Data section →

--- START ---

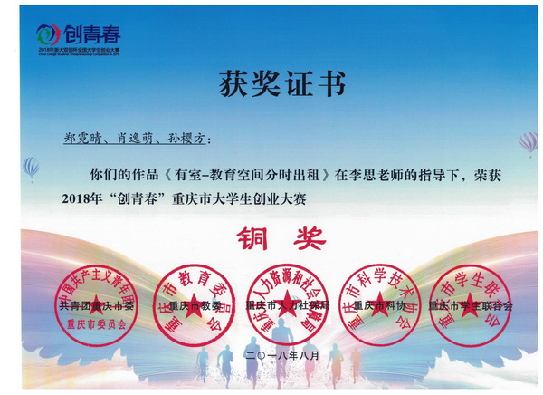 为深入学习贯彻和落实党的十九大精神和习近平新时代中国特色社会主义理想,引导和激励高校学生弘扬时代精神,把握时代脉搏,将所学知识与社会经济发展紧密联系,培养和提高青年大学生的创新、创意、创造、创业的意识和能力。团市委、市教委、市人力社保局、市科协、市学联于2018年3至8月联合举办2018年“创青春”重庆市全国大学生创业大赛(中国青年创新创业大赛大学生组),此次大赛下设大学生创业计划竞赛(即“挑战杯”中国大学生创业计划竞赛)、创业实践挑战赛、公益创业赛3项主体赛事。
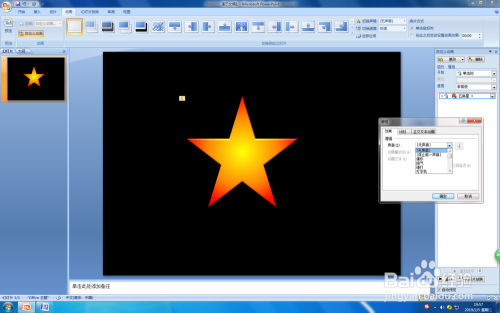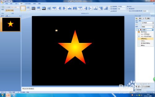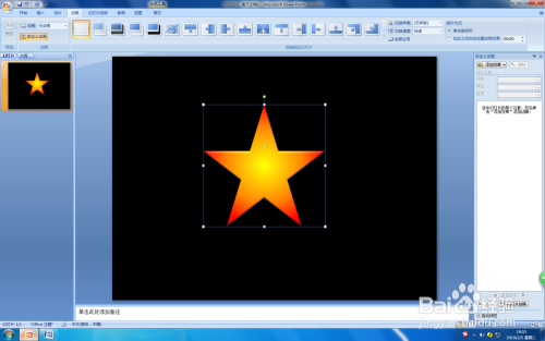 第一步:打开PPT2007,选中要设置退出—滑翔动画的对象。这里选中的是插入的五角星外形。
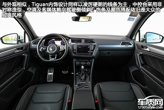 與外觀相似,Tiguan內(nèi)飾設計同樣以凌厲硬朗的線條為主,中控臺采用非對稱造型,空調(diào)及多媒體略向駕駛側傾斜,飾條及顏色搭配依舊是大眾的經(jīng)典風格,雖然大面積覆蓋軟性搪塑材質,但手感稍硬,不過接縫相當緊實,足以展現(xiàn)進口車風范。
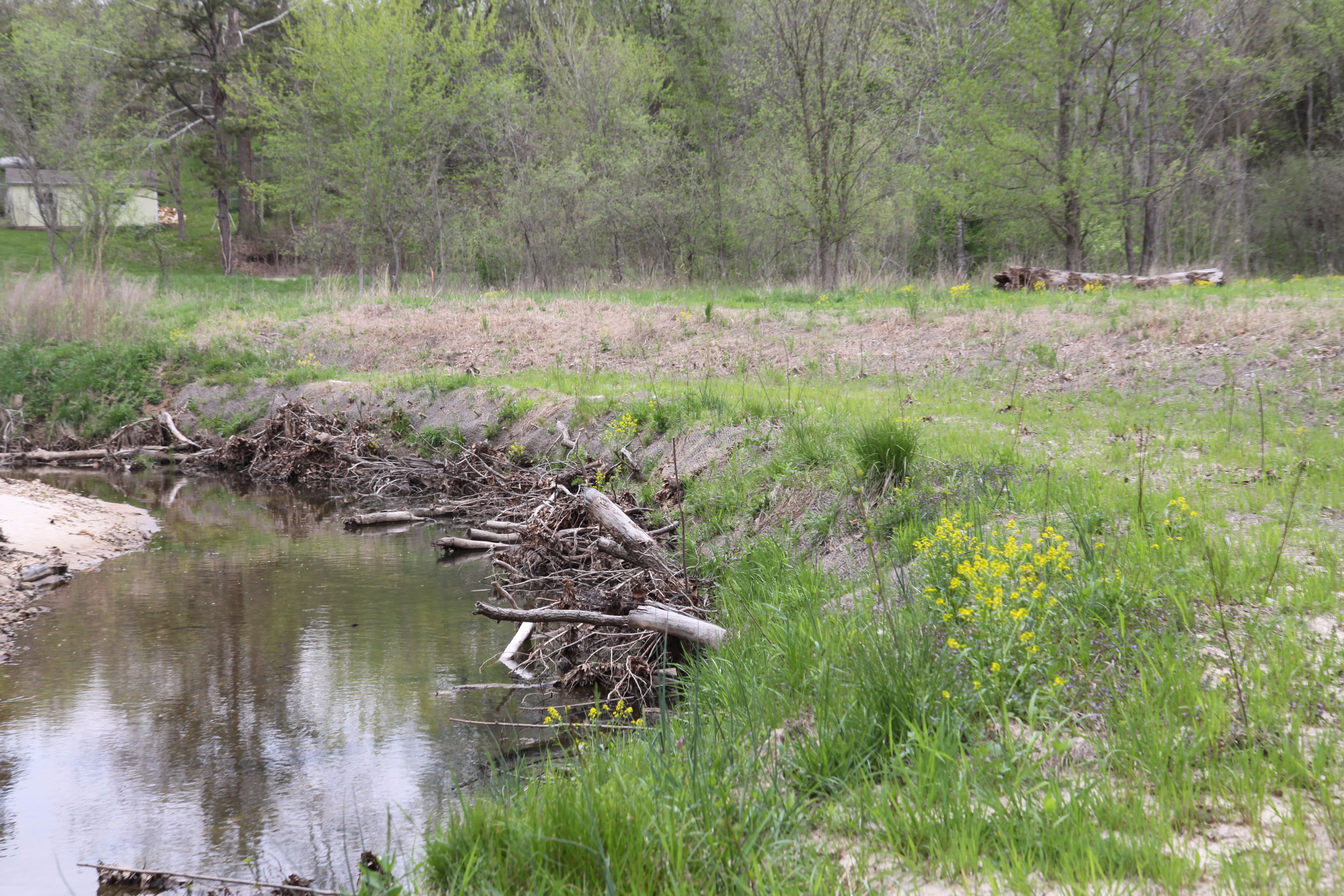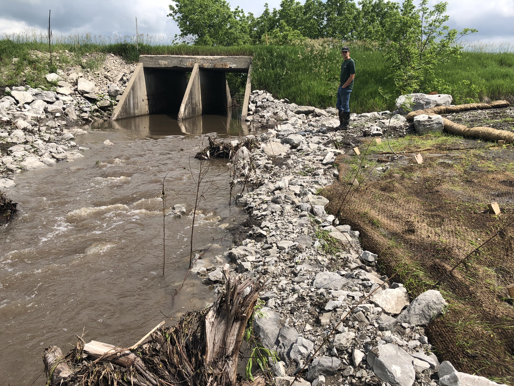 Now both sides of the creek are re-connected through the culvert using a bioengineered underwater ramp that ensures a more gradual and natural slope. This should allow Topeka shiners and other species to migrate up and downstream to access more habitat.

--- END ---

Your assignment → The result should be every line of the data, reproduced exactly, with the images removed.

Task answer →
 为深入学习贯彻和落实党的十九大精神和习近平新时代中国特色社会主义理想,引导和激励高校学生弘扬时代精神,把握时代脉搏,将所学知识与社会经济发展紧密联系,培养和提高青年大学生的创新、创意、创造、创业的意识和能力。团市委、市教委、市人力社保局、市科协、市学联于2018年3至8月联合举办2018年“创青春”重庆市全国大学生创业大赛(中国青年创新创业大赛大学生组),此次大赛下设大学生创业计划竞赛(即“挑战杯”中国大学生创业计划竞赛)、创业实践挑战赛、公益创业赛3项主体赛事。
 第一步:打开PPT2007,选中要设置退出—滑翔动画的对象。这里选中的是插入的五角星外形。
 與外觀相似,Tiguan內(nèi)飾設計同樣以凌厲硬朗的線條為主,中控臺采用非對稱造型,空調(diào)及多媒體略向駕駛側傾斜,飾條及顏色搭配依舊是大眾的經(jīng)典風格,雖然大面積覆蓋軟性搪塑材質,但手感稍硬,不過接縫相當緊實,足以展現(xiàn)進口車風范。
 Now both sides of the creek are re-connected through the culvert using a bioengineered underwater ramp that ensures a more gradual and natural slope. This should allow Topeka shiners and other species to migrate up and downstream to access more habitat.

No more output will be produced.